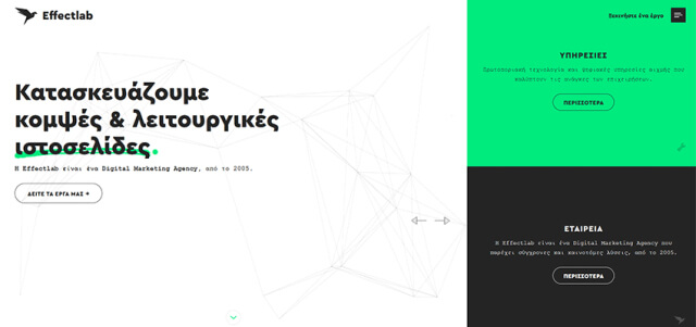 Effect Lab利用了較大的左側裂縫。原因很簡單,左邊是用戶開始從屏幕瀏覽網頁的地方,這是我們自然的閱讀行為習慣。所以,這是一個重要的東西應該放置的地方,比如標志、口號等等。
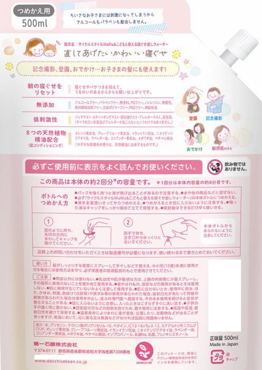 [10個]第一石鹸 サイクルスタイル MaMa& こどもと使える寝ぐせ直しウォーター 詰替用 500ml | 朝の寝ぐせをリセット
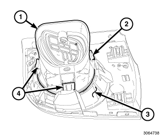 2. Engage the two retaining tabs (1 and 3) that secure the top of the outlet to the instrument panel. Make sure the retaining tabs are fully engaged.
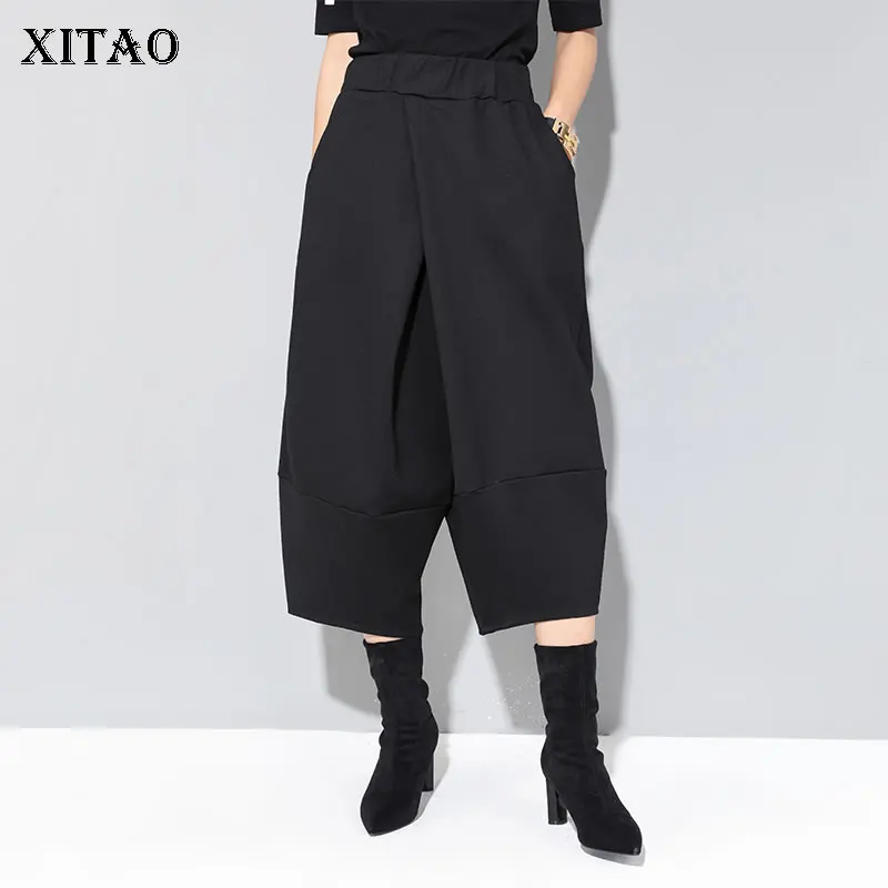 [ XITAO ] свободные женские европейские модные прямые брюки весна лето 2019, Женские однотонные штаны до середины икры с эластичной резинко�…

* * * * *

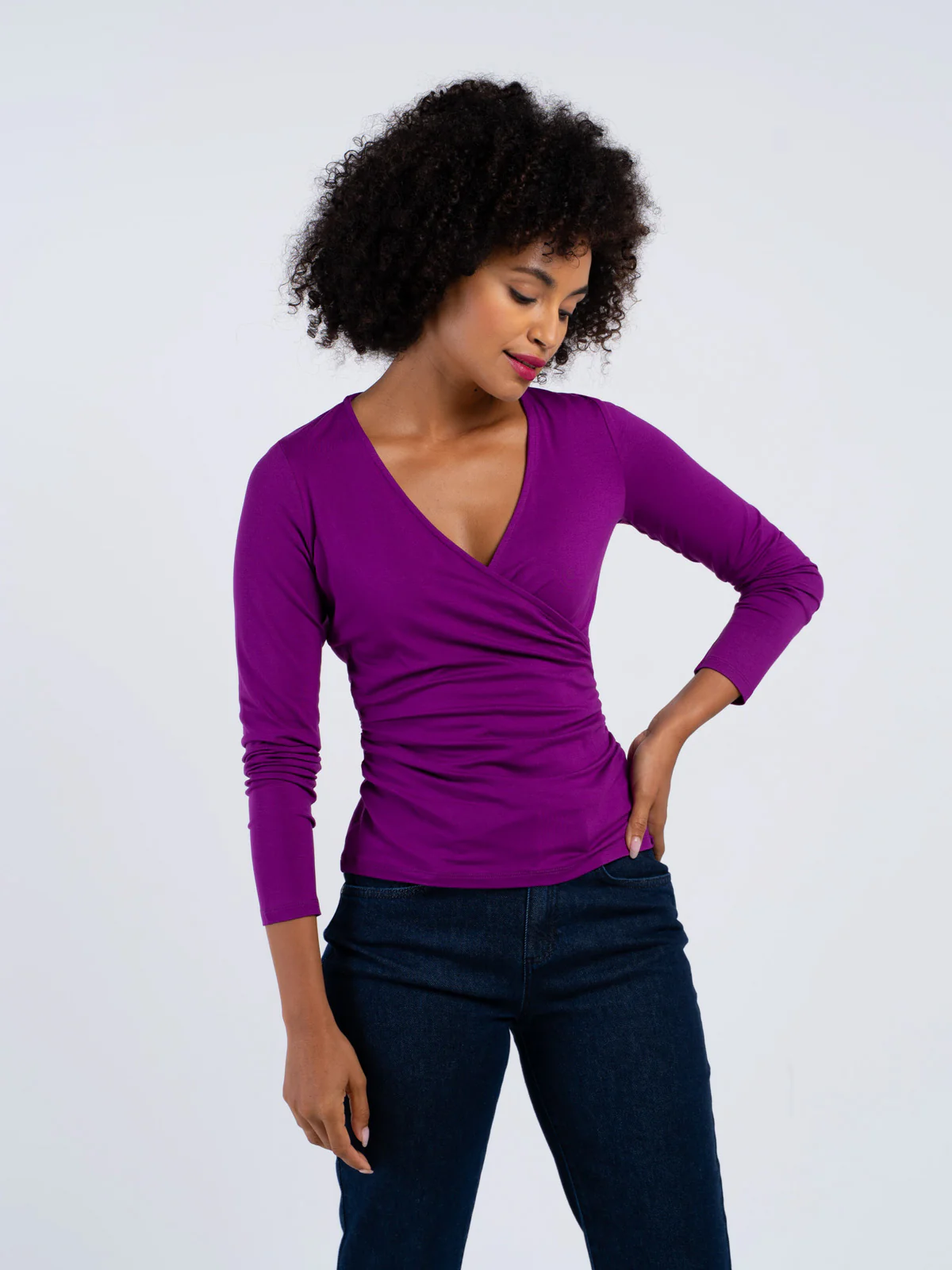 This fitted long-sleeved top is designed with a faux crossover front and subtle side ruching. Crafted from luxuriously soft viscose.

* * * * *

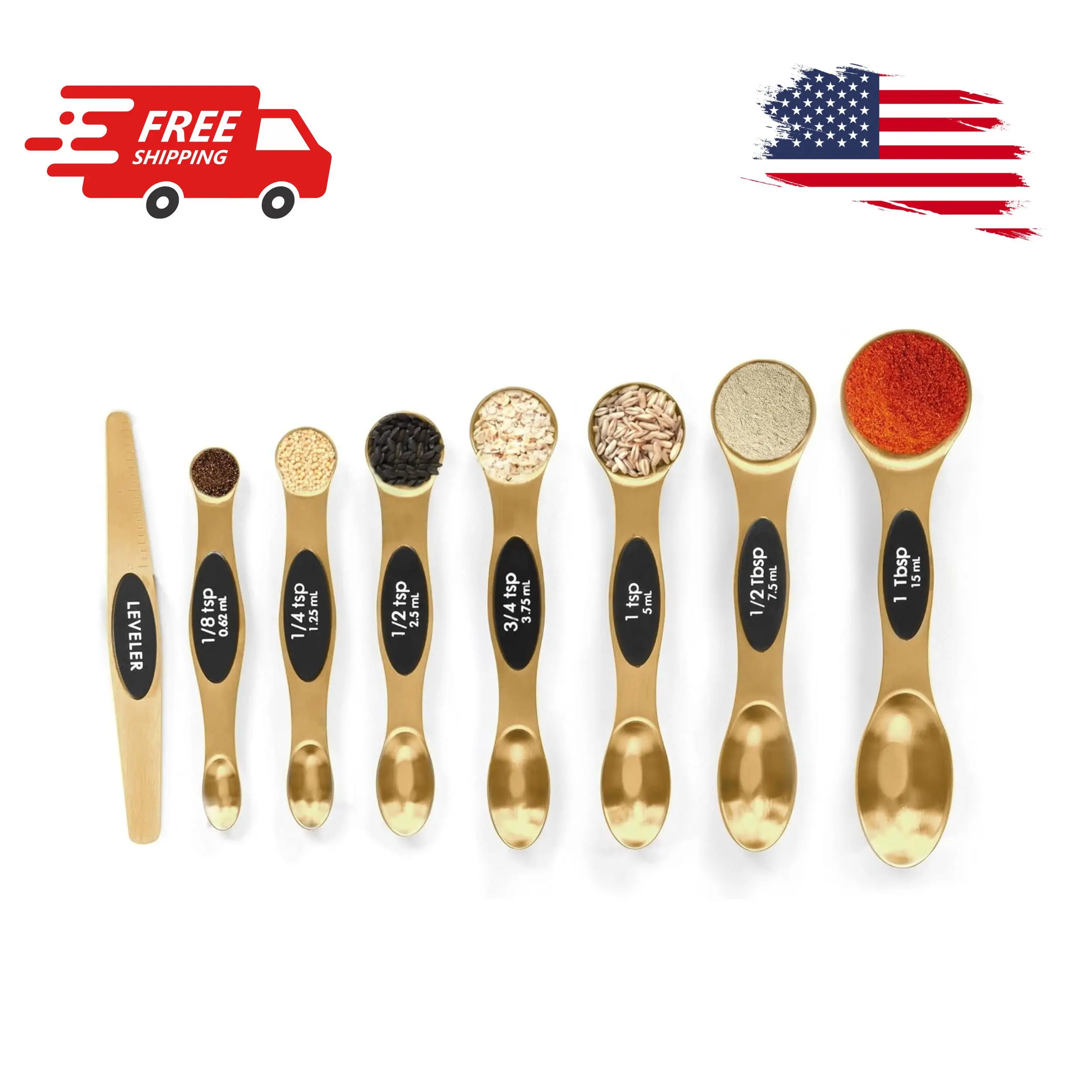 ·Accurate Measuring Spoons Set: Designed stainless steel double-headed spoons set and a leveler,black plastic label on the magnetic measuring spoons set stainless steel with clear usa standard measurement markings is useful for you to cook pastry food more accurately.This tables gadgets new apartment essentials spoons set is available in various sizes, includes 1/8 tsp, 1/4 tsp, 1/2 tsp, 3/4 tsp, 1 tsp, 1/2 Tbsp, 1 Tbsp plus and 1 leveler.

* * * * *

> Your task
How would the lines above read from the one with "Effect Lab利用了較" to the one with "2. Engage the", inclusive, with no pictures? Write them out exactly.

> Response to this exercise
 Effect Lab利用了較大的左側裂縫。原因很簡單,左邊是用戶開始從屏幕瀏覽網頁的地方,這是我們自然的閱讀行為習慣。所以,這是一個重要的東西應該放置的地方,比如標志、口號等等。
 [10個]第一石鹸 サイクルスタイル MaMa& こどもと使える寝ぐせ直しウォーター 詰替用 500ml | 朝の寝ぐせをリセット
 2. Engage the two retaining tabs (1 and 3) that secure the top of the outlet to the instrument panel. Make sure the retaining tabs are fully engaged.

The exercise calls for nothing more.